ちなみにさっき衣服はともかく仮面だけでも外そうと思い、仮面を外そうとしたが全ッッく外れない。

どんなに力を加えたり仮面を壊そうとしても外れないし壊れない。呼吸や視界などは仮面越しでも全く問題なく機能するのだが、いかんせいん目立つし一目でバレてしまう。どうしようか

 

そんなこんなで考えていると耳をつんざくような騒音が聞こえてくる。音が聞こえてくるのは大通り方面からだ。ちょうどいいさっき言った通り本当に今はなんでも良いから情報がほしい。バレない程度に近づいてみるか。
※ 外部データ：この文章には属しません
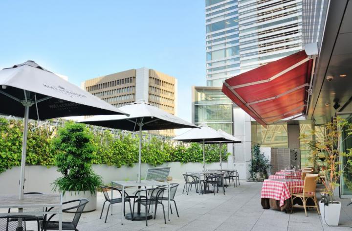 4階のフロアにあるのは「VERANDA」のみ。バーのようなカウンター席、ゆったり過ごせるテーブル席のほか、外には室内よりも広いベランダが。4人掛けのテーブルが8つ、席の間をゆったりととって並べられ、街の喧騒を感じさせない贅沢な空間です。昼は青空と柵にあしらわれた緑がまぶしく、爽やかに過ごせます。夜は星空のもとテーブルにキャンドルがゆらめき、ロマンチックな雰囲気です。

そうして大通り方面の道を歩いていくと、明るい光と共に大通りが見えてくる。こっそりと裏路地から大通りに顔を出してみると

 

「今現在この町に凶悪犯罪者である'罪音 水成'が潜んでおります。何かしらの有力な情報を提供して頂いた方には1000万の報奨金をさせていただきます」

 

などと一目につきそうな場所でメガホンを使い呼び掛ける警察の姿があった。イッセンマンッッ!?1000万あったらう◯い棒が何本買えるんだよ!これが騒ぎの理由か。それにしても普通に考えて情報提供だけで1000万なんて、いくらなんでも異常すぎる。俺は、いったいどんな罪を着せられているんだ!!

 

「「「「「ざわざわ」」」」」」

 

先程の警察の発言で、さきほどから群衆が騒いでいる。当然だろう。捕まえるなら、まだしも情報提供だけで1000万はあまりにも破格すぎる。

 

さらに辺りの警察の数が増えてきている気がする。

根拠として先程までは全く見かけなかったのに、今ではパトカーや警察官を見ない方が珍しい。ポリスフィーバーである

 

さてもうこの裏路地にいても見つかるのも時間の問題だ。あれ???もしかしてヤバいかも??

いやいや希望を失ったらだめだ。まだこの路地の奥に進めばなにか見つかるかもしれないし、まだ諦めるには早すぎる。

と希望的観測をしながら裏路地の奥に足を運ぶのであった。